- PROBLEM DETAILS
Once the pictures are set aside, transcribe each line of the listing exactly.

- THE DATA
··········
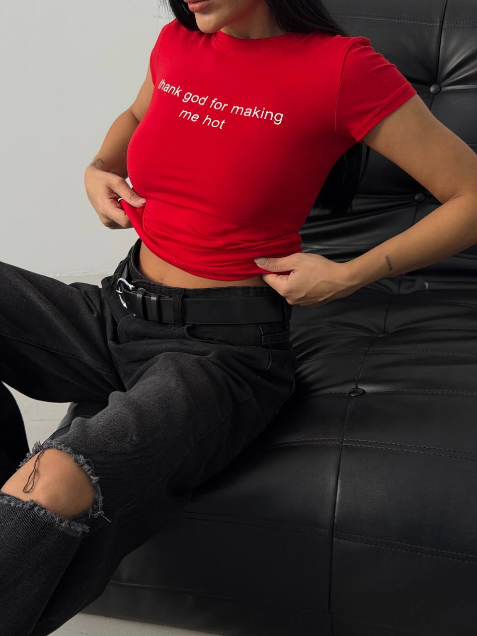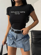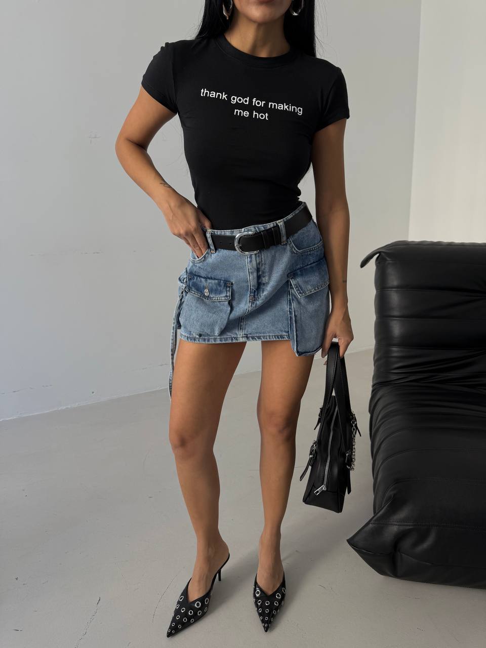Elevate your everyday edit with this “Thank God for making me hot” top, crafted from a seamless stretch knit. The short sleeves and considered length lend themselves to effortless layering or provide a sleek foundation for bolder styling choices. Babe pair this top with tailored trousers for a modern, monochromatic statement, or opt for wide-leg jeans to embrace a more relaxed silhouette.
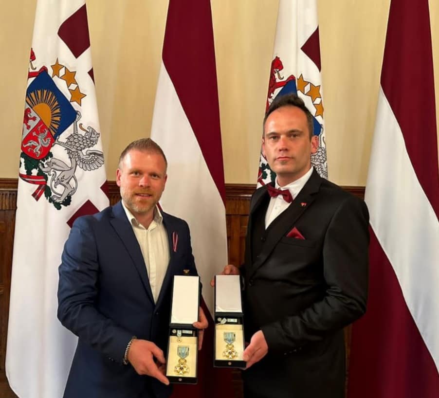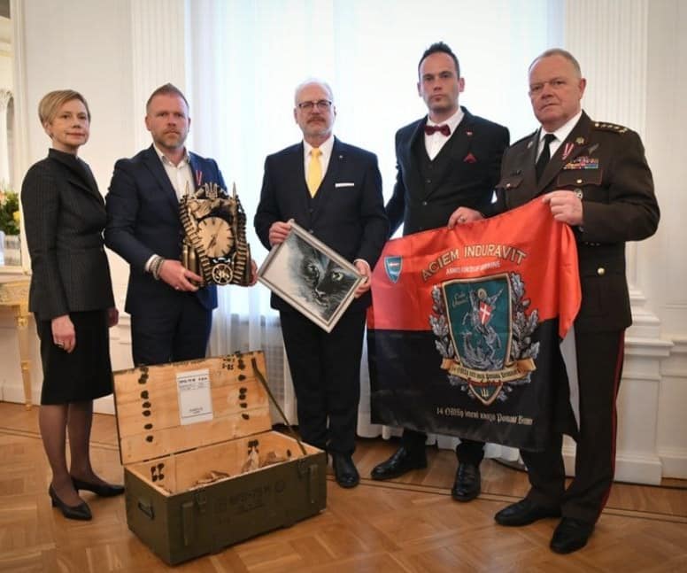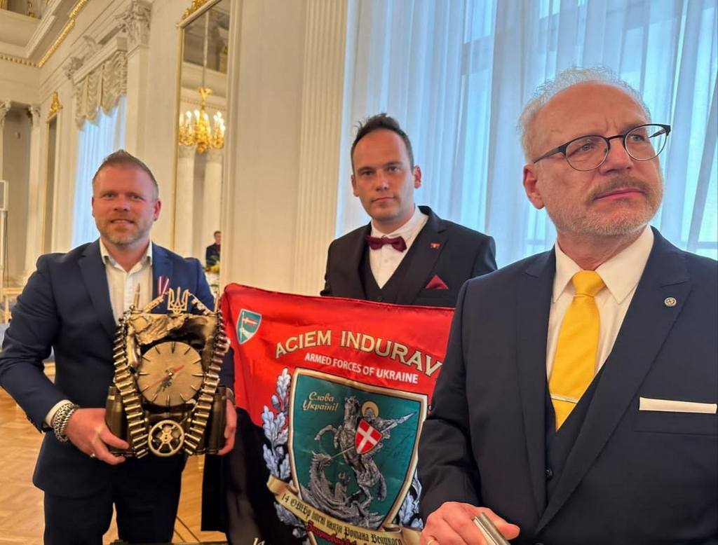 Прапор, сувеніри та подяки від воїнів волинської бригади латвійські волонтери Артурс Крістлібс та Айгарс Лосс передали главі Латвії у Ризькому замку, де президент Латвійської Республіки вручив їм державні нагороди за постійну підтримку України.
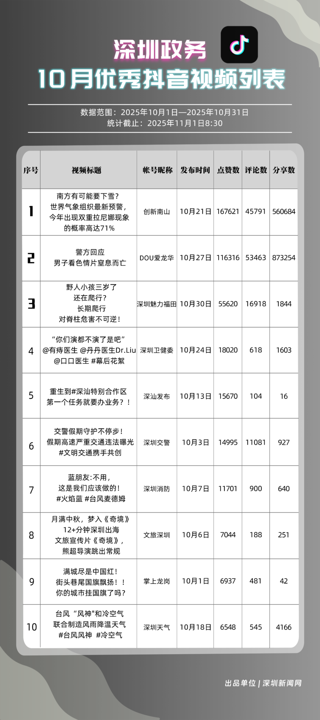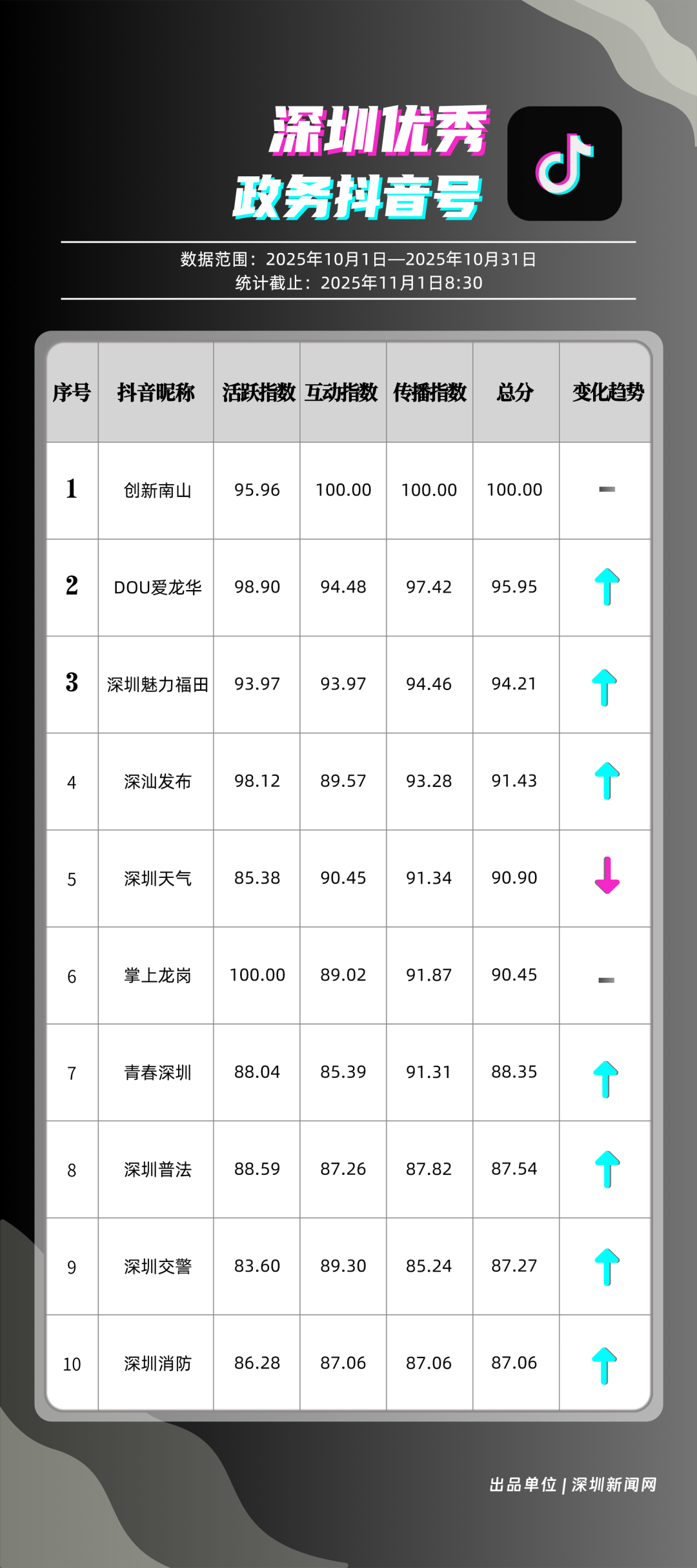 10月,獲得“優(yōu)秀政務(wù)抖音號”稱號的是“創(chuàng)新南山”“DOU愛龍華”“深圳魅力福田”“深汕發(fā)布”“深圳天氣”“掌上龍崗”“青春深圳”“深圳普法”“深圳交警”“深圳消防”?!皠?chuàng)新南山”以總分100分居于榜首,展現(xiàn)出其內(nèi)容創(chuàng)作對用戶的強(qiáng)大吸引力與傳播力;“DOU愛龍華”與“深圳魅力福田”分別位列第二、三位,得分在95分左右,排名較上期有所上升?!吧钌前l(fā)布”“深圳天氣”“掌上龍崗”等賬號得分均在90分以上,以年輕化表達(dá)展示實用信息,也收獲較好互動、傳播成績。
··········
- ANSWER TO THIS EXERCISE
Elevate your everyday edit with this “Thank God for making me hot” top, crafted from a seamless stretch knit. The short sleeves and considered length lend themselves to effortless layering or provide a sleek foundation for bolder styling choices. Babe pair this top with tailored trousers for a modern, monochromatic statement, or opt for wide-leg jeans to embrace a more relaxed silhouette.
 Прапор, сувеніри та подяки від воїнів волинської бригади латвійські волонтери Артурс Крістлібс та Айгарс Лосс передали главі Латвії у Ризькому замку, де президент Латвійської Республіки вручив їм державні нагороди за постійну підтримку України.
 10月,獲得“優(yōu)秀政務(wù)抖音號”稱號的是“創(chuàng)新南山”“DOU愛龍華”“深圳魅力福田”“深汕發(fā)布”“深圳天氣”“掌上龍崗”“青春深圳”“深圳普法”“深圳交警”“深圳消防”?!皠?chuàng)新南山”以總分100分居于榜首,展現(xiàn)出其內(nèi)容創(chuàng)作對用戶的強(qiáng)大吸引力與傳播力;“DOU愛龍華”與“深圳魅力福田”分別位列第二、三位,得分在95分左右,排名較上期有所上升?!吧钌前l(fā)布”“深圳天氣”“掌上龍崗”等賬號得分均在90分以上,以年輕化表達(dá)展示實用信息,也收獲較好互動、傳播成績。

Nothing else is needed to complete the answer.